Home from Home

Home From Home is an exclusive Costa del Sol story.

 

 

1

The Costa del Sol is a country within a country. Like London or New York it exists alone, a law unto itself. It has its own rules and rhythm and its own way of doing things.

Gayle Beresford arrived, like most people, via Malaga airport. The heat hit Gayle like a hot flush; it left her soaked like a wave had rolled over her.

Gayle was seventy and widowed and the smell of the hall, of Spain, brought back vivid memories of Stan. Five years it had been but it felt like five minutes. Her Stan would have held her hand and guided her out through the crowds but now she felt feint and confused.

Skinny red-faced men raced for the exits and a fag. Suave Spaniards, laminated passes dangling, weaved by. A round-faced woman with a Yorkshire accent and a blue neck-tie asked, “Are you all right, love? You look a bit lost.”

“I shouldn´t,” Gayle replied, laughing. “I live here.”

“Oh, then you won´t be wanting one of these free holidays we´re offering.” The woman looked down at her clipboard.

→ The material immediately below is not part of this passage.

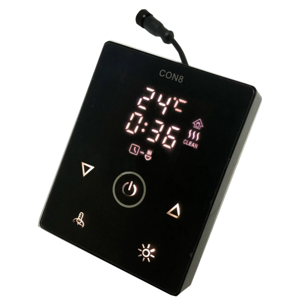 Пульт Ecoflame CON 8 (3-9 кВт) 380V – это современный и функциональный контроллер, предназначенный для управления электрокаменками мощностью от 3 до 9 кВт. Благодаря интуитивному интерфейсу он позволяет легко настраивать такие параметры как температуру в парной, время работы печи, отложенный старт и управление освещением.
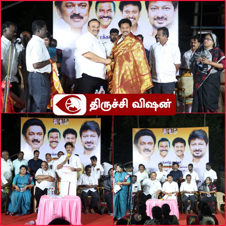 திருச்சி தெற்கு மாவட்ட கழக ஆவின் தொழிலாளர் முன்னேற்ற சங்கம் சார்பில் முத்தமிழறிஞர் டாக்டர் கலைஞர் அவர்களது 99 வது பிறந்த தின விழா மற்றும் கழக அரசின் ஓராண்டு சாதனை விளக்க பொதுக்கூட்டம் கொட்டப்பட்டு இந்திராநகரில் நடந்தது. மாவட்ட கவுன்சில் செயலாளர் ஜோசப் நெல்சன் தலைமை வகித்தார். தமிழக பள்ளிக்கல்வித்துறை அமைச்சரும், திருச்சி தெற்கு மாவட்ட கழக பொறுப்பாளருமான மாண்புமிகு அன்பில் மகேஸ் பொய்யாமொழி தனது சிறப்புரையில் பேசியதாவது.,

“Free holidays? How does that work then, love?”

Standing nearby among the chauffeurs and touts, tall enough to pop his head out of the cloud of sun-cream, booze and perfume, Costa del Sol, half-English, half-Spanish, master of disguise and slave to no-one, watched Gayle toddle out towards the bright sunlight with the wobbling rep beside her.

“You only have to have a quick look around,” the cheerful Yorkshire woman was saying.

“Saved me the cost of a taxi.” Gayle´s glasses were steaming up in the heat.

Costa glanced at the azure mass of ocean on the horizon.

“Gotcha,” he said, whipping out his keys.

 

2

Costa del Sol was sitting on the front trying to finish off a Double Full Monty. It was his second breakfast of the day but necessary, he thought, wiping the egg off his thick moustache. All part of the job.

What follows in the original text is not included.